El polizonte de las manoplas se acercó, el levantador de pesas lo aferró, mascullando:

– Escupe en mi camisa Hathaway, defensor de maricones. Gene Niles era mi amigo, mi compañero del ejército. ¡Defensor de homosexuales!

Danny apoyó el talón en el suelo y empujó la silla contra la pared.

– Gene Niles era un hijo de perra, un recaudador de esos hampones.

El levantador de pesas atacó, buscando la garganta de Danny. La puerta del cubículo se abrió y Mal Considine entró precipitadamente. Thad Green ladró órdenes imposibles de oír. Danny alzó las rodillas para volcar la silla, las manazas del monstruoso policía se cerraron en el aire.
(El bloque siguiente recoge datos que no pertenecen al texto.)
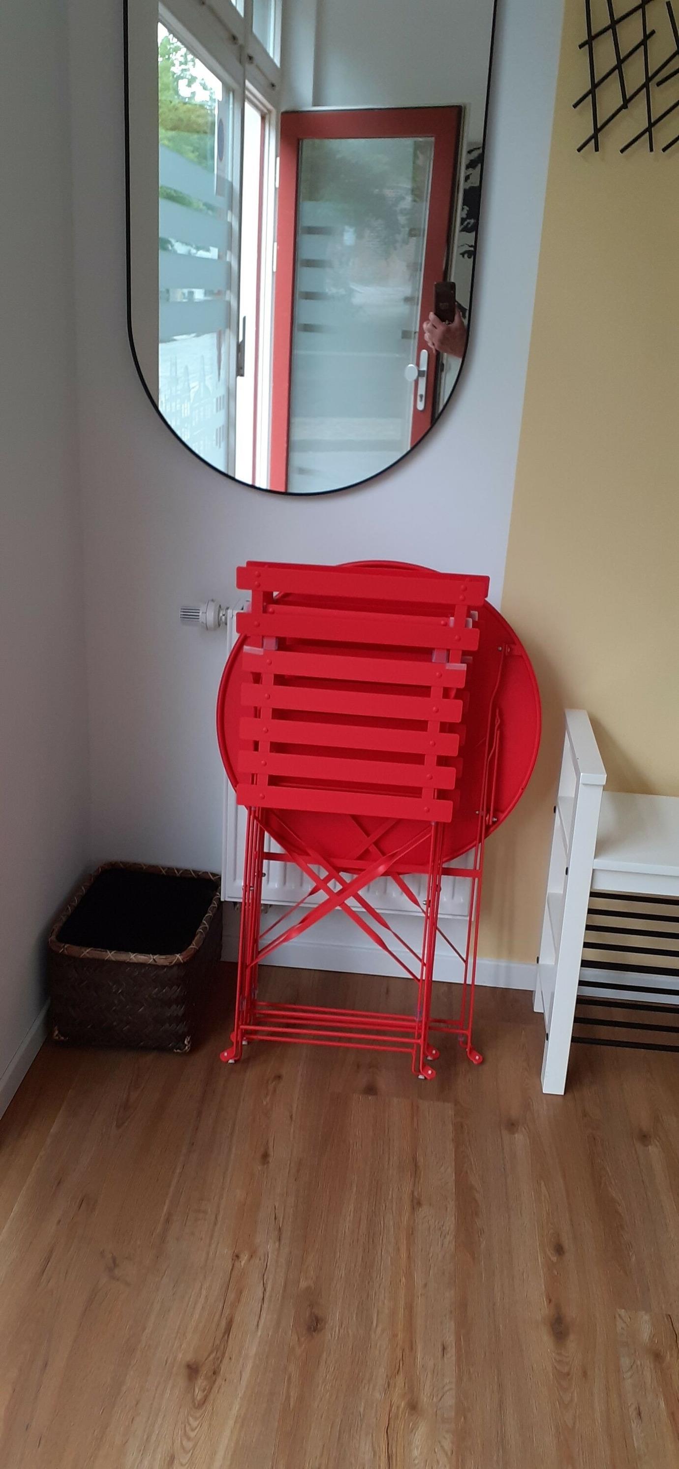 - Sitzmöglichkeit (2 Stühle + Tisch) vor der Wohnung mit Blick auf St. Nikolai und die Frische Grube. Bitte immer reinstellen nach Benutzung. Danke!

Mal se lanzó contra él, lanzándole puñetazos; el policía de la manopla lo apartó y lo arrastró al pasillo. Considine gritó «¡Danny!» varias veces. Green se plantó entre la silla y el monstruo, diciendo «No, Harry, no» como si contuviera a un perro desobediente. Danny mordió linóleo y colillas de cigarrillos, oyó: «Lleven a Considine a una celda». Lo levantaron con silla y todo. El hombre de la manopla le abrió las esposas, Thad Green cogió la 45 que había sobre la mesa.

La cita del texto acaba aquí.